Putin: Panama Papers part of US plot to weaken Russia
Associated Press
ST. PETERSBURG, Russia
President Vladimir Putin on Thursday denied having any links to offshore accounts and described the Panama Papers document leaks scandal as part of a U.S.-led plot to weaken Russia.
Putin also defended a cellist friend named as the alleged owner of an offshore company, describing him as a philanthropist who spent his own funds to buy rare musical instruments for Russian state collections.
Speaking at a media forum in St. Petersburg, Putin said Western media pushed the claims of his involvement in offshore businesses even though his name didn’t feature in any of the documents leaked from a Panamanian law firm.
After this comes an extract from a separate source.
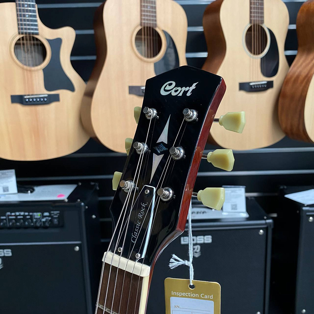 Электрогитара Cort CR250-ATA Classic Rock — модель Les Paul с улучшенной конструкцией. Янтарная отделка, вклеенный гриф из махагони для сфокусированного звука и сустейна. Звукосниматели Classicrocker II, бридж Tune-O-Matic, порожек Graph Tech Nubone.

Putin described the allegations as part of the U.S.-led disinformation campaign waged against Russia in order to weaken its government. “They are trying to destabilize us from within in order to make us more compliant,” he said.
State Department spokesman Mark Toner rejected the notion that the U.S. is behind the allegations. “I would reject the premise or the assertion that we’re in any way involved in the actual leak of these documents,” he told reporters in Washington.
The Washington-based International Consortium of Investigative Journalists said the documents it obtained indicated that Russian cellist Sergei Roldugin acted as a front man for a network of Putin loyalists, and, perhaps, the president himself.
The ICIJ said the documents show how complex offshore financial deals channeled as much as $2 billion to a network of people linked to the Russian president. Putin said Roldugin, a longtime friend, did nothing wrong. He said he was proud of Roldugin, adding that the musician spent his personal money to advance cultural projects.
Putin contended that Washington has fanned allegations of Russian official corruption in order to weaken Moscow as the U.S. has become concerned about Russia’s growing economic and military might.